▼

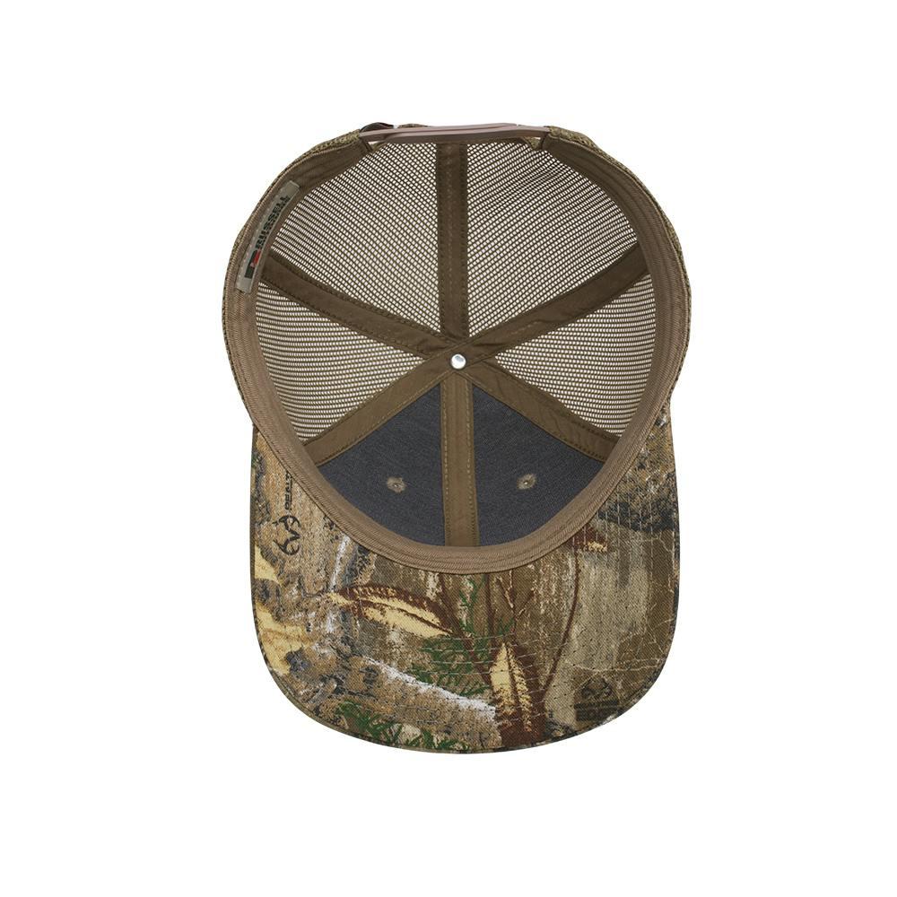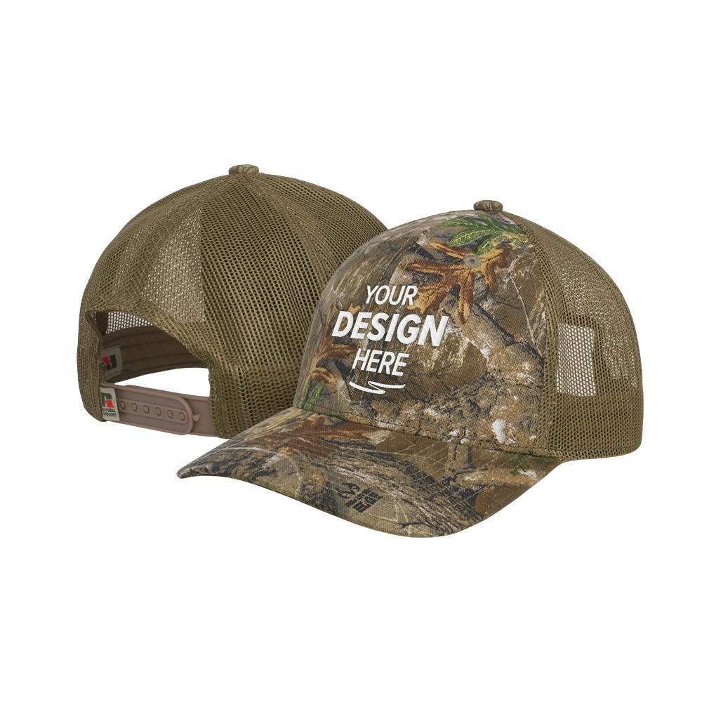 Russell Outdoors Camo Snapback Trucker Cap — a rugged, customizable camo snapback trucker cap designed for hunting, fishing, hiking and everyday outdoor wear. RealtreeEDGE® or Mossy Oak® prints on 100% brushed cotton twill front panels pair with breathable 100% polyester mesh mid/back panels to keep you cool and camouflaged. The structured, mid-profile fit and curved bill deliver classic style and sun protection, while a 7-position adjustable snapback closure ensures a secure, comfortable fit. Great as promotional gear or team swag — personalize with your logo or artwork for memorable outdoor branding.
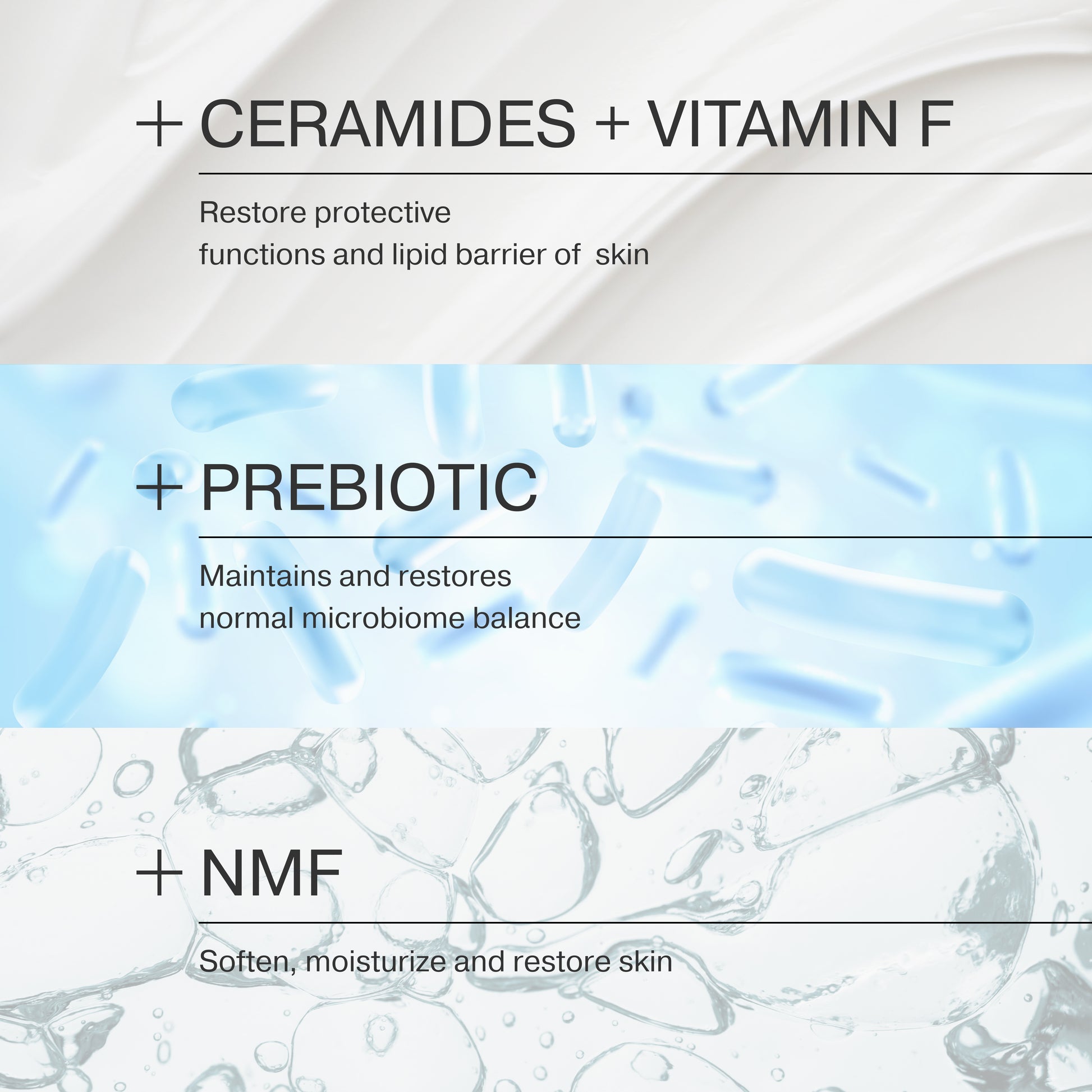 مُصمم خصيصًا للبشرة الجافة جدًا والحساسة في الوجه والجسم، المعرضة للتقشر والتهيج وردود الفعل التحسسية.
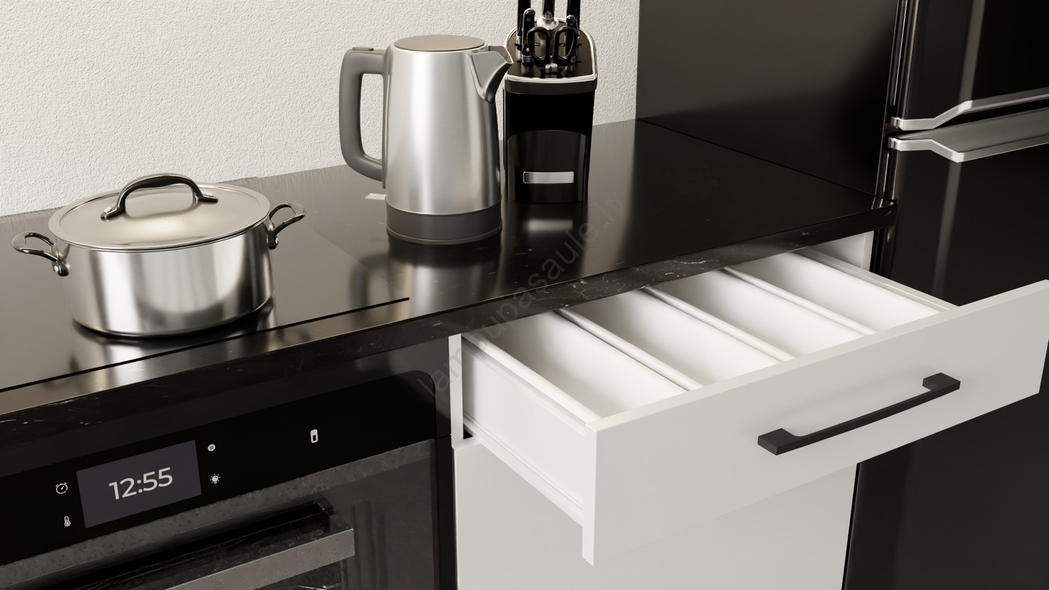 • Skapju izvietojums ir modulārs, virtuvi varat pielāgot pēc savām individuālajām vēlmēm.
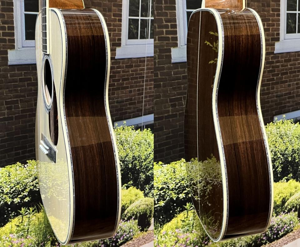スタイル45のOMサイズをベースに、トップにプレミアムグレードのアディロンダック・スプルース材を、サイド&バックにも、プレミアムグレードのインディアン・ローズウッド材使用したカスタムモデル。
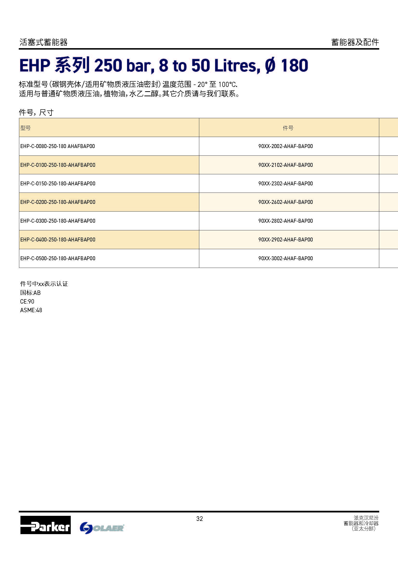 EHP 系列 250 bar, 8 to 50 Litres, ? 180
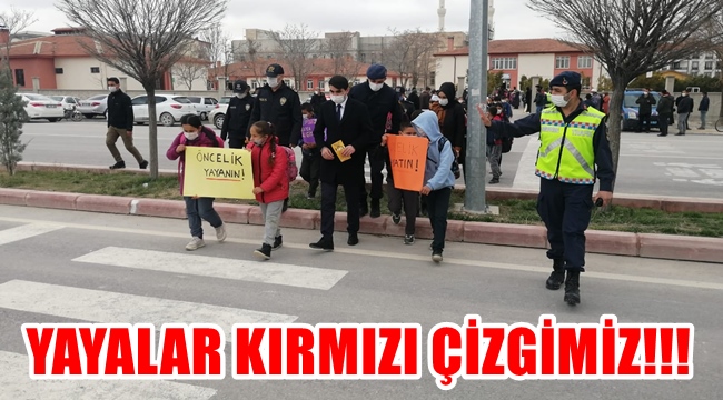 Bu hedefler doğrultusunda 2021 yılı süresince de bu trendin devam ettirilerek yürütülecek faaliyet ve destekleyici kampanyaların etkisini arttırmak, yaya ve okul geçitleri öncesinde sürücülerin yer/zemin işaretlemeleriyle bir kez daha uyarılarak dikkatlerini daha üst düzeye çıkarmak, bu alanlarda yavaşlamalarını ve yayalara ilk geçiş hakkının vermelerini sağlamak amacıyla 30 Mart 2021 Salı günü 12.00-15.00 saatleri arasında tüm illerimizde olduğu gibi İlimizde de eş zamanlı olarak Devletin Tüm Unsurları ile farkındalık eyleminde olduğunu göstermek amacıyla “Önce Yaya Uygulaması” kapsamında “Yaya Önceliği Kırmızı Çizgimizdir” etkinlikleri icra edilecektir.

▲

* _Work to complete_:
The answer must be an exact copy of the lines from the one containing "EHP 系列 250 bar, 8 to 50 Litres, ? 180" through the last line of the records, with no pictures included.

* _Finished task_:
 EHP 系列 250 bar, 8 to 50 Litres, ? 180
 Bu hedefler doğrultusunda 2021 yılı süresince de bu trendin devam ettirilerek yürütülecek faaliyet ve destekleyici kampanyaların etkisini arttırmak, yaya ve okul geçitleri öncesinde sürücülerin yer/zemin işaretlemeleriyle bir kez daha uyarılarak dikkatlerini daha üst düzeye çıkarmak, bu alanlarda yavaşlamalarını ve yayalara ilk geçiş hakkının vermelerini sağlamak amacıyla 30 Mart 2021 Salı günü 12.00-15.00 saatleri arasında tüm illerimizde olduğu gibi İlimizde de eş zamanlı olarak Devletin Tüm Unsurları ile farkındalık eyleminde olduğunu göstermek amacıyla “Önce Yaya Uygulaması” kapsamında “Yaya Önceliği Kırmızı Çizgimizdir” etkinlikleri icra edilecektir.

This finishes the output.